Software: We designed Autotask PSA to attempt page restoration upon login following a session timeout. Analysis of our code found that, in many cases, the platform was refreshing each restored page up to ten times when only a single refresh is required. As a result, both the web tier and the broader system experienced increased load, especially during initial login at the beginning of the work day.
After our team identified the root causes, we scheduled a maintenance window, during which we fully rebooted the impacted server. Since the reboot, the problem has not recurred. In addition, we have updated the Autotask PSA code to stop unnecessary page refreshes after sessions time out. We have also increased the level of monitoring on the server and are adding redundancy with automated failover.
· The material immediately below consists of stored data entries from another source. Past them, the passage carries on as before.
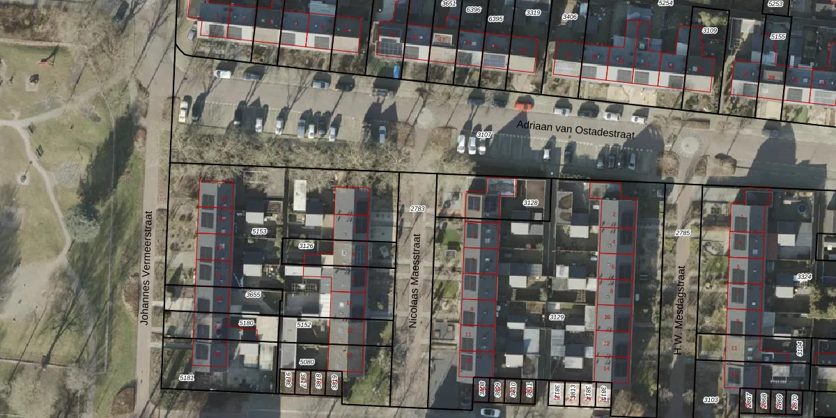 Gebruik de zoekbalk of klik op een perceel om informatie over het perceel te bekijken.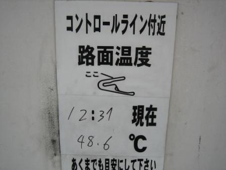 | 12:41 走行後のコンディション 気温27.9℃ 路面温度はなんと 48.6℃ コンディション的にはコンパウンドはハードみたいです。 すり減ったミディアムコンパウンドではグリップしないはずです。 下手は下手なりにタイムは落ちるもんですね。 |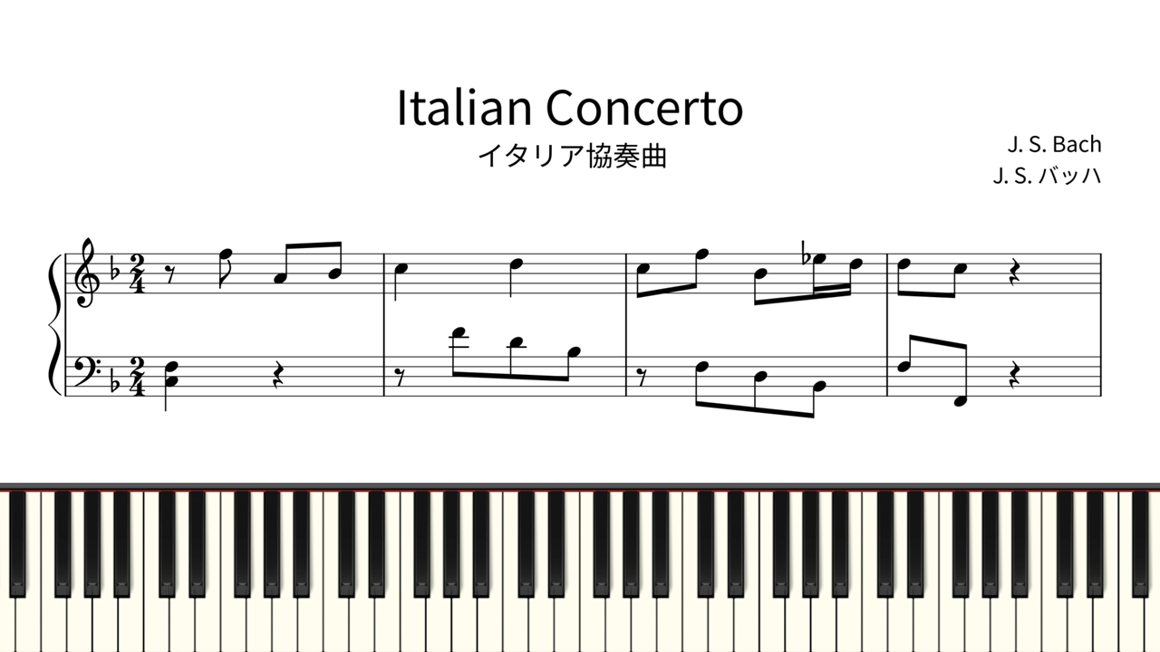 【簡単ピアノ楽譜】イタリア協奏曲 BWV 971 J. S. バッハ / Italian Concerto BWV 971 – Johann Sebastian Bach / BWV971 | Easy Piano Tutorial X Facebook はてブ LINE コピー 2026.01.07 【簡単ピアノ楽譜】 イタリア協奏曲 BWV 971Italian Concerto BWV 971ヨハン・ゼバスティアン・バッハJohann Sebastian Bach 🎼 楽譜(BOOTH) 音名なし楽譜 ドレミ付き楽譜 ABC付き楽譜 🎼 楽譜(Piascore) 音名なし楽譜 ドレミ付き楽譜 ABC付き楽譜 ▶️ 演奏動画:YouTube

We continue to have our engineering team monitor the LON zone during peak hours of the workday to ensure full resolution of the situation. They are also gathering additional data and can quickly restore service if needed. Due to this situation, we have delayed our 2021.1 release by one week.
We recognize that even a minute of downtime can disrupt your business, and we apologize for this situation. We look forward to continuing to earn your trust in Autotask PSA and deliver the uptime that you have come to expect. Thank you for your support and understanding.